Anticancer activity of isothiocyanates from cruciferous vegetables has also been studied extensively in several types of breast cancer cell lines, with MCF-7 and MDA-MB-231 cells being the most commonly used. Collectively, at pharmacological concentration range of 1-10 µM for sulforaphane and 2.5-5 µM for benzyl isothiocyanate, and phenethyl isothiocyanate with a wide undefined, varied range of concentrations, the three most investigated food bioactive isothiocyanate constituents demonstrated a highly desirable activity at the cellular and molecular levels, therefore they are likely to show great promise for use in humans as anti-cancer therapeutic agents.

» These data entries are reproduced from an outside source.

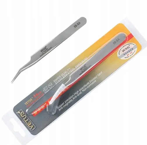Пінцет Vetus 5B-SA від відомого швейцарського виробника інструменту «Vetus» відрізняється підвищеною якістю виконання, виготовлений з антикорозійної неполімагнітної нержавіючої сталі, легкий і зручний у використанні. Гнучкість і легкість ходу гнізд достатня для комфортної роботи протягом тривалого часу (із занадто жорстким пінцетом робота може бути ускладнена, тому що необхідно прикладати силу для натискання). В наявності багато моделей пінцетів «Ветус». Площа контакту достатня для проведення якісної процедури.
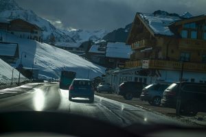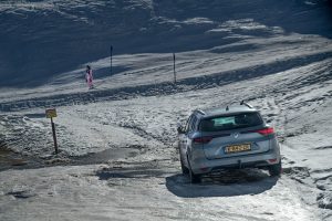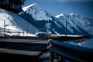 Ride a White Swan: Skoda Enyaq auf Parkplatz in Baad (Vorarlberg) © Kai von Kröcher, 2026
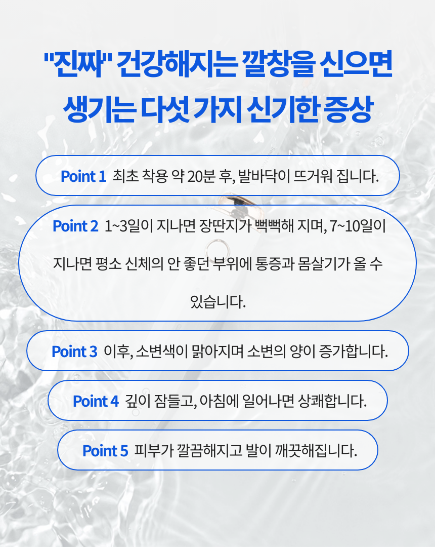| 지속성 | [작심삼일]아파서 벗어두게 됨 | [습관화]신발만 신으면 자동으로발 건강 관리 시작 |

In summary, although limited clinical evidence is available at present, substantial published preclinical data exists on anticancer activity of isothiocyanates from cruciferous vegetables sulforaphane, benzyl isothiocyanate and phenethyl isothiocyanate. Among these most extensively investigated constituents, the activity of sulforaphane was most consistently reported and benzyl isothiocyanate appeared to be relatively the most potent compound, with the least required concentration or concentration range for its anticancer activity pharmacologically. Based mainly on cell culture studies and animal models of breast cancer tumours, isothiocyanate compounds clearly demonstrated highly desirable activity in both in vitro and in vivo and show great promise for use in humans as potential chemopreventive agents for breast cancer.